### Requirement
Exactly reproduce the lines from the one containing "Order Gujarati Taste" through the last line of the data, both ends included, leaving out pictures.

### Material provided
-------
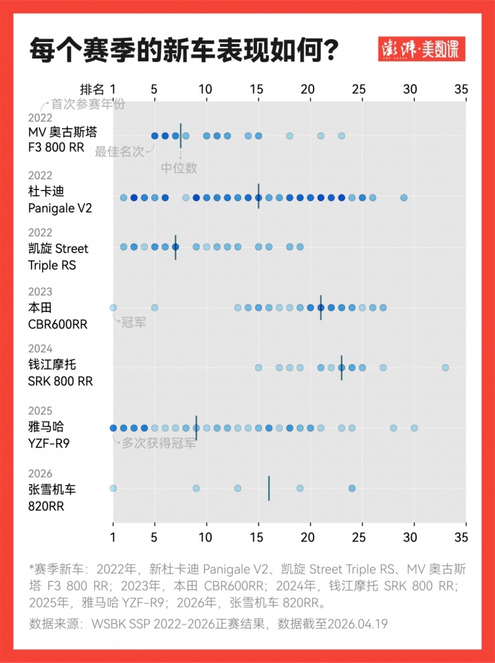 新规公布后,杜卡迪、凯旋、MV奥古斯塔加入新赛季角逐,他们的首次参赛赛季最佳成绩依次为:2 次亚军、2次亚军、7次第五名。自2022年新规以来,赛季新车只有本田、雅马哈、张雪机车出场即夺冠。
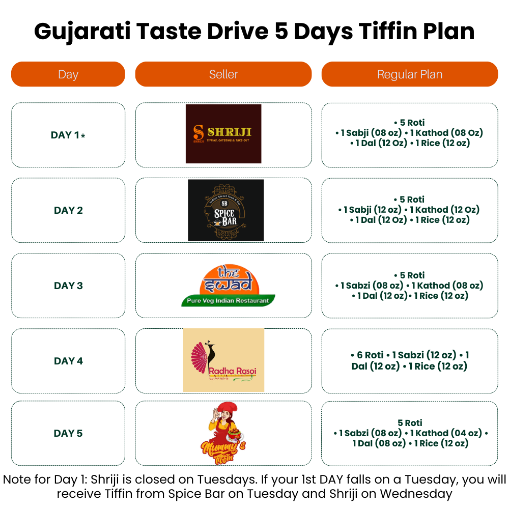Order Gujarati Taste Drive and get 5 Gujarati trial tiffins from 5 different sellers in just one weekly order at a discounted rate. No need to order separate trials—you can try them all and pick your favorite to subscribe for weekly/monthly plan!
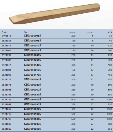 Đục làm bằng nguyên liệu đồng cứng đặc biệt chống phát tia lửa điện
-------
### Solution to this task
Order Gujarati Taste Drive and get 5 Gujarati trial tiffins from 5 different sellers in just one weekly order at a discounted rate. No need to order separate trials—you can try them all and pick your favorite to subscribe for weekly/monthly plan!
 Đục làm bằng nguyên liệu đồng cứng đặc biệt chống phát tia lửa điện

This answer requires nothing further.